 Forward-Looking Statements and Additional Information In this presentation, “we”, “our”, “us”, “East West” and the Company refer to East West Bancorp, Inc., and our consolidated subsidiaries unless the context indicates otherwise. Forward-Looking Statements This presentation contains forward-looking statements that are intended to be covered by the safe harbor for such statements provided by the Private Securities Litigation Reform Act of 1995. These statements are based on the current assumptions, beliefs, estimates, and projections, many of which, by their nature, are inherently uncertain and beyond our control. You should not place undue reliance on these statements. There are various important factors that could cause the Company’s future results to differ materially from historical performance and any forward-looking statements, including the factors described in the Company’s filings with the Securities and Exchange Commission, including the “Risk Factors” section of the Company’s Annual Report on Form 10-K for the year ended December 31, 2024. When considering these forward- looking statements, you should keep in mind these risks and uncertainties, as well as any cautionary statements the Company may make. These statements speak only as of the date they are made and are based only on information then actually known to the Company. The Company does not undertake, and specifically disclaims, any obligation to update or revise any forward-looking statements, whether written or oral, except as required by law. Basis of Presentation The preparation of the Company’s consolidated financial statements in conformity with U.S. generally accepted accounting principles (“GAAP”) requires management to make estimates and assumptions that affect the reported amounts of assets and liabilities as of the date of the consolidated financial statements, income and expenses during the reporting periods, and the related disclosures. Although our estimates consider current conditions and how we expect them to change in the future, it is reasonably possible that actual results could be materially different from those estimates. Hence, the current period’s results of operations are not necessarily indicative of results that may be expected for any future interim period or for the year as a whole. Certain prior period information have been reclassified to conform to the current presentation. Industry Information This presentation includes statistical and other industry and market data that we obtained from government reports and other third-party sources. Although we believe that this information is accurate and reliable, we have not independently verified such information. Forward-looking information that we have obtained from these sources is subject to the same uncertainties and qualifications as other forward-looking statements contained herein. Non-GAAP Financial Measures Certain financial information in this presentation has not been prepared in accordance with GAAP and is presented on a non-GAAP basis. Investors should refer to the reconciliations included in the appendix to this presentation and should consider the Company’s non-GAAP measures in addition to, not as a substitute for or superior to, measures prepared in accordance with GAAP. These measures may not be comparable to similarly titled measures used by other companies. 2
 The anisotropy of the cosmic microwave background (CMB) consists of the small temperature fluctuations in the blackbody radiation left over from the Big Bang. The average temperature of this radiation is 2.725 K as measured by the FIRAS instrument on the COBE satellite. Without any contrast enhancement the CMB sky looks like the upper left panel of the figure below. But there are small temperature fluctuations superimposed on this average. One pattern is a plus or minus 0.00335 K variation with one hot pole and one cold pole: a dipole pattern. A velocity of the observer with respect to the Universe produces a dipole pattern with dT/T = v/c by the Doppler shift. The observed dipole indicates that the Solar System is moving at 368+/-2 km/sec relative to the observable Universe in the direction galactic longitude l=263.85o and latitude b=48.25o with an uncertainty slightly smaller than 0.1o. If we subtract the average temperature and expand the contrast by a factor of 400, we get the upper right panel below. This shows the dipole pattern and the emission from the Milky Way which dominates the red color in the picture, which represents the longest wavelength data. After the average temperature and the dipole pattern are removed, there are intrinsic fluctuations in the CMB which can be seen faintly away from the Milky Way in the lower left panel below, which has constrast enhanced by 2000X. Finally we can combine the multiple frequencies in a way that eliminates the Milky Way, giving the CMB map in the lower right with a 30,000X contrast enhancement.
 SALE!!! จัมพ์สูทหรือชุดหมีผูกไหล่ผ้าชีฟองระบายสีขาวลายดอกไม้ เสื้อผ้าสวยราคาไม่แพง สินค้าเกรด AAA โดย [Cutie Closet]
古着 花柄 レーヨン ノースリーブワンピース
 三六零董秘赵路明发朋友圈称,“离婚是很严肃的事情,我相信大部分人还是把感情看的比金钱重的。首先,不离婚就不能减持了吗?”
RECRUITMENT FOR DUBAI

--

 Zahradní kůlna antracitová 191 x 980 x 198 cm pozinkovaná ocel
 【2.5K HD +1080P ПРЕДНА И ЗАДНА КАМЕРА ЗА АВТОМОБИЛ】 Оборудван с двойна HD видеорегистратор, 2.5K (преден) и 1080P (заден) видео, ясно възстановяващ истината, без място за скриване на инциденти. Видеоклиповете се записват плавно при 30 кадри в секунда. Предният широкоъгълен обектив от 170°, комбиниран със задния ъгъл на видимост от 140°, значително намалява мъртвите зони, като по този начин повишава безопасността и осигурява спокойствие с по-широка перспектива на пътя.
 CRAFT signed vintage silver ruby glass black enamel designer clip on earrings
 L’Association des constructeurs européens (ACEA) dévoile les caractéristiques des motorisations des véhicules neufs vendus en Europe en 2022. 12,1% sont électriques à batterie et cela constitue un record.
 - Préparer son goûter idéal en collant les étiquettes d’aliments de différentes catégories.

==

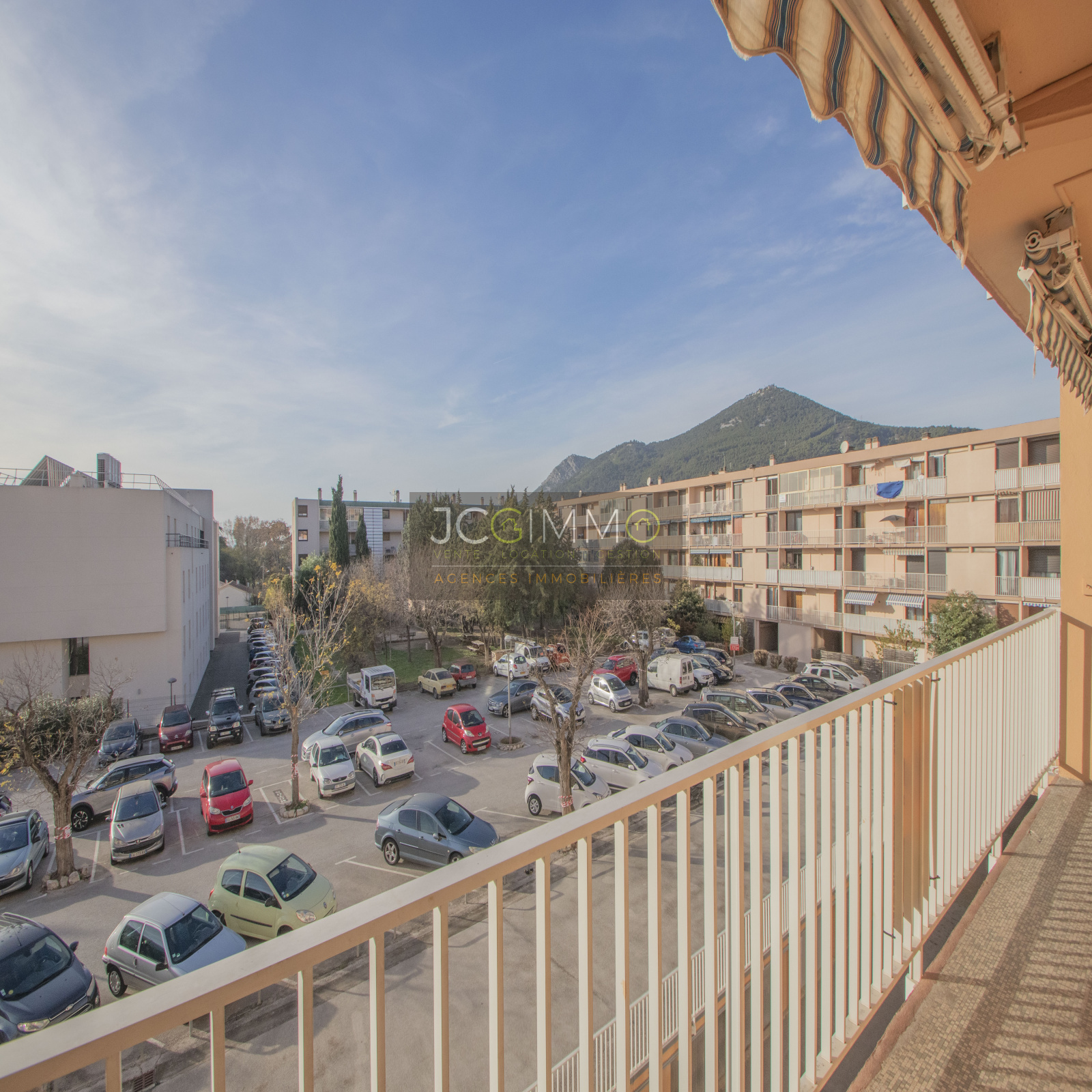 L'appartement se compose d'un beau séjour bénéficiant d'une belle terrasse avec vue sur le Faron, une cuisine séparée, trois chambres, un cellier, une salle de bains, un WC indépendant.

- Problem to solve
Working from the data above, extract solely the lines from the one containing "L’Association des constructeurs" through the one containing "- Préparer son", exactly as they appear, both included.

- Answer to this problem
 L’Association des constructeurs européens (ACEA) dévoile les caractéristiques des motorisations des véhicules neufs vendus en Europe en 2022. 12,1% sont électriques à batterie et cela constitue un record.
 - Préparer son goûter idéal en collant les étiquettes d’aliments de différentes catégories.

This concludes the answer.